** EXERCISE AIM **
Find the line in the entries below that contains "kossa. Molempiin osallistui". Repeat it exactly, and every line after it through the line that contains "Lille kobbersneppe i".

** RECORD EXCERPTS **

- Opening Delimiter -

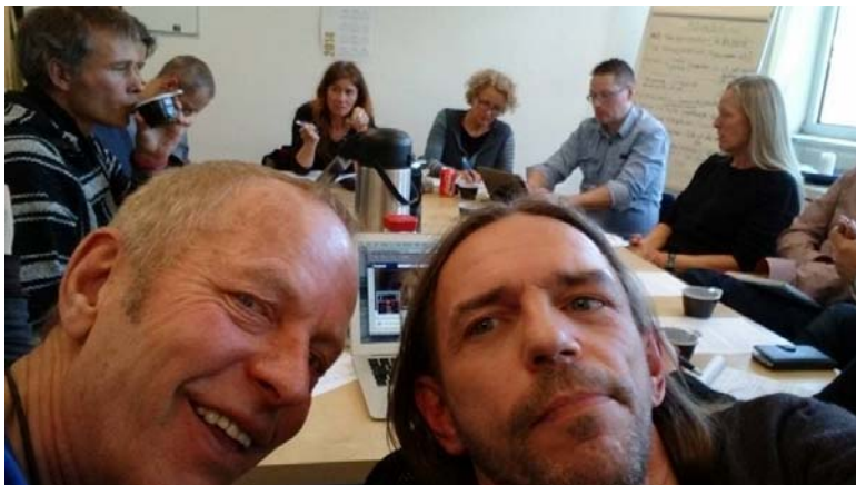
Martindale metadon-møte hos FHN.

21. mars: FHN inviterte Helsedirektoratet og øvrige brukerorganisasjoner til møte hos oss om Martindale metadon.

- Closing Delimiter -
- Opening Delimiter -

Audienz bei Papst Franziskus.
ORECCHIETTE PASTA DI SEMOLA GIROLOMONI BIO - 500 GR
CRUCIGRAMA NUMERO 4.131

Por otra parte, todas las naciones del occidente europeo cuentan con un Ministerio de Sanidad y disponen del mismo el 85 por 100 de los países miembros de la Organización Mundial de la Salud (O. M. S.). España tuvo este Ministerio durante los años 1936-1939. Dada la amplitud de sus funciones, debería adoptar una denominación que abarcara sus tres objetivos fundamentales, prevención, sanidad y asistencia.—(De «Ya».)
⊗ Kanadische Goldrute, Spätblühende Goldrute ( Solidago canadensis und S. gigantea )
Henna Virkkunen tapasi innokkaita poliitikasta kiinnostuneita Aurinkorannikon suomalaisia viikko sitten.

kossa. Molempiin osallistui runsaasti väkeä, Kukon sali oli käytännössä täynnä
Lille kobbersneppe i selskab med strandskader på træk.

- Closing Delimiter -
- Opening Delimiter -

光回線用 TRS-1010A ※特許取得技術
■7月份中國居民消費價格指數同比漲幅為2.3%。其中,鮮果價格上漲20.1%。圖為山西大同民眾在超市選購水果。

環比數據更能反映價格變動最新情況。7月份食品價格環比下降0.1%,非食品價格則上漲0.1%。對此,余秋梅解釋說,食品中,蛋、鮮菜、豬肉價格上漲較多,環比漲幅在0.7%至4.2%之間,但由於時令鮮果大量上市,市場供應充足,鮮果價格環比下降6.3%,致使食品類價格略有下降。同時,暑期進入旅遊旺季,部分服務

- Closing Delimiter -

** ANSWER FOR THE TASK **
kossa. Molempiin osallistui runsaasti väkeä, Kukon sali oli käytännössä täynnä
Lille kobbersneppe i selskab med strandskader på træk.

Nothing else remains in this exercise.